* **Information provided**
________

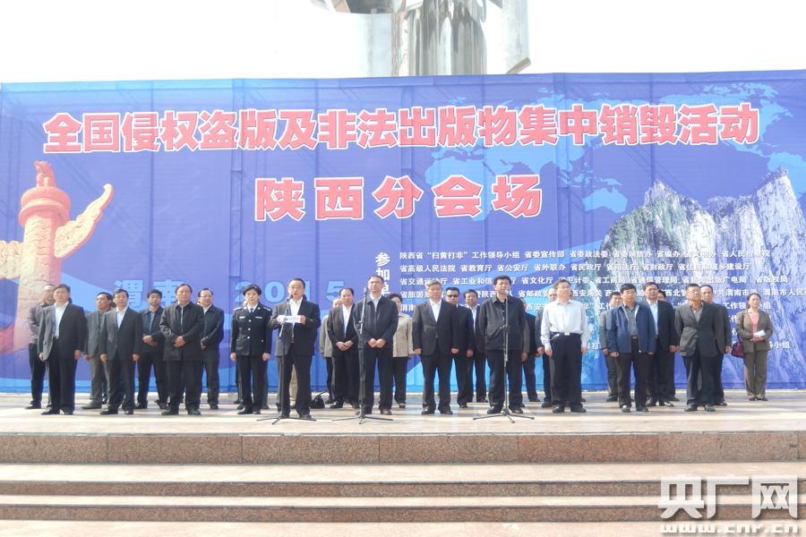2015年全國侵權(quán)盜版及非法出版物集中銷毀活動(dòng)陜西分會(huì)場(chǎng)活動(dòng)在渭南市中心廣場(chǎng)舉行。(央廣網(wǎng)記者 溫超 攝)
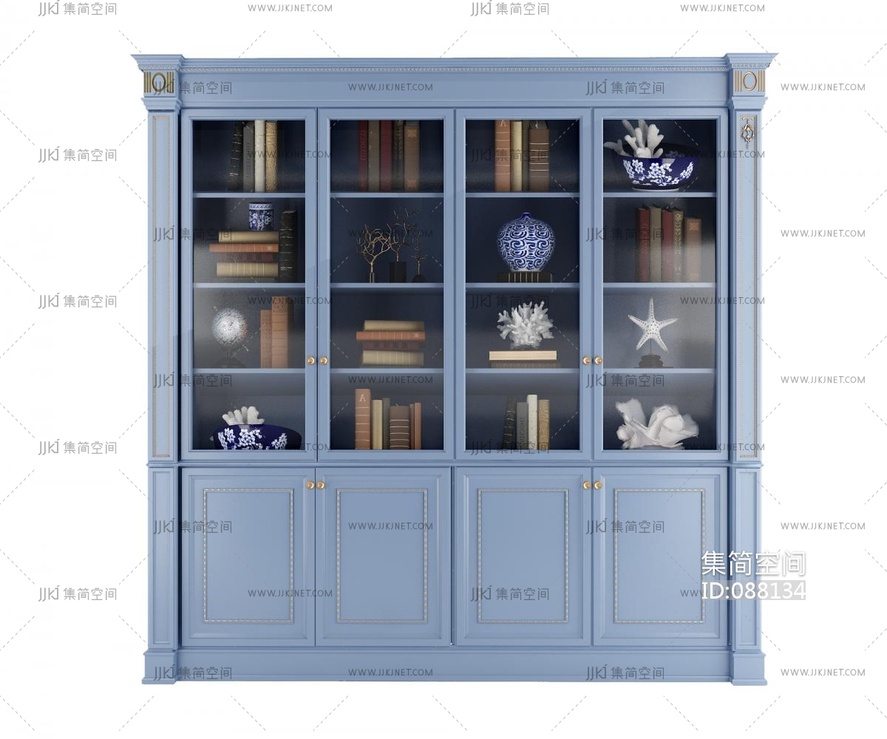 欧式美式书柜 3d模型下载 [模型ID:88134]
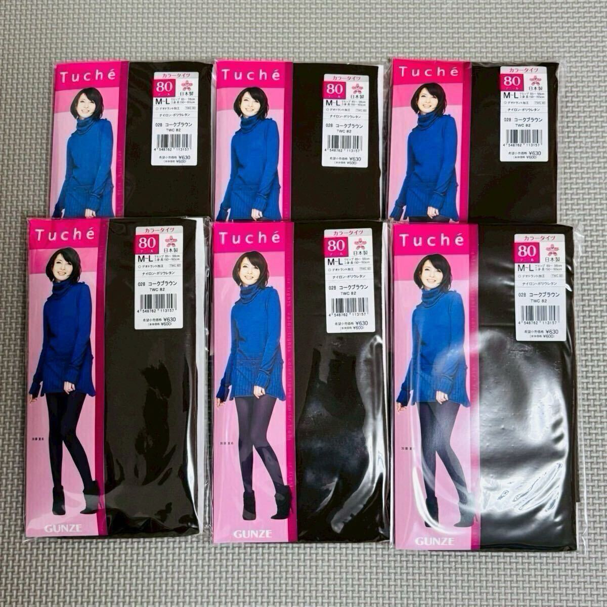 - SALE 新品 M-L 6足セット 定価3,960円 日本製 グンゼ Tuche 80デニール コークブラウン ゾッキカラータイツ
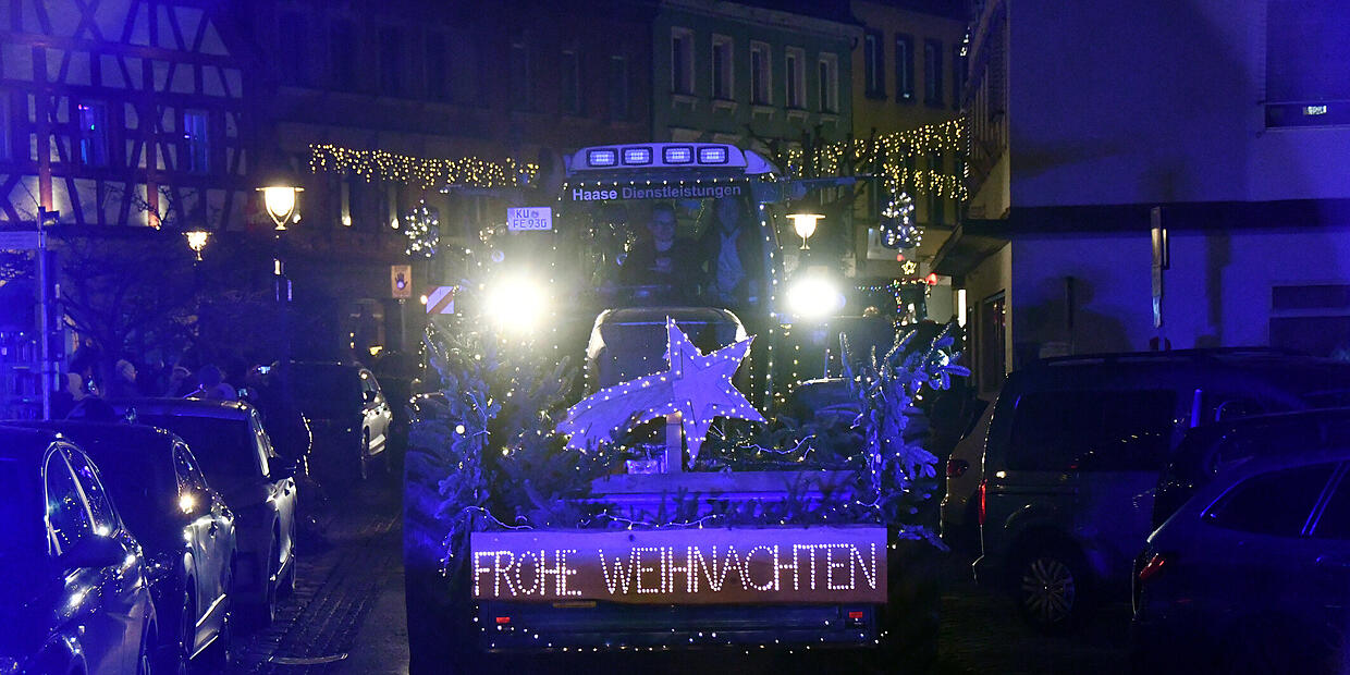 Kulmbach – Festlich geschmückte Traktoren rollen durch die Straßen. Kulmbachs Landwirte bedanken sich mit einem leuchtenden Weihnachtskorso und einer weihnachtlichen Botschaft.

________

* **Requirement**
Pictures aside, repeat every line of the data above exactly.

* **Output of the exercise**
2015年全國侵權(quán)盜版及非法出版物集中銷毀活動(dòng)陜西分會(huì)場(chǎng)活動(dòng)在渭南市中心廣場(chǎng)舉行。(央廣網(wǎng)記者 溫超 攝)
 欧式美式书柜 3d模型下载 [模型ID:88134]
 - SALE 新品 M-L 6足セット 定価3,960円 日本製 グンゼ Tuche 80デニール コークブラウン ゾッキカラータイツ
 Kulmbach – Festlich geschmückte Traktoren rollen durch die Straßen. Kulmbachs Landwirte bedanken sich mit einem leuchtenden Weihnachtskorso und einer weihnachtlichen Botschaft.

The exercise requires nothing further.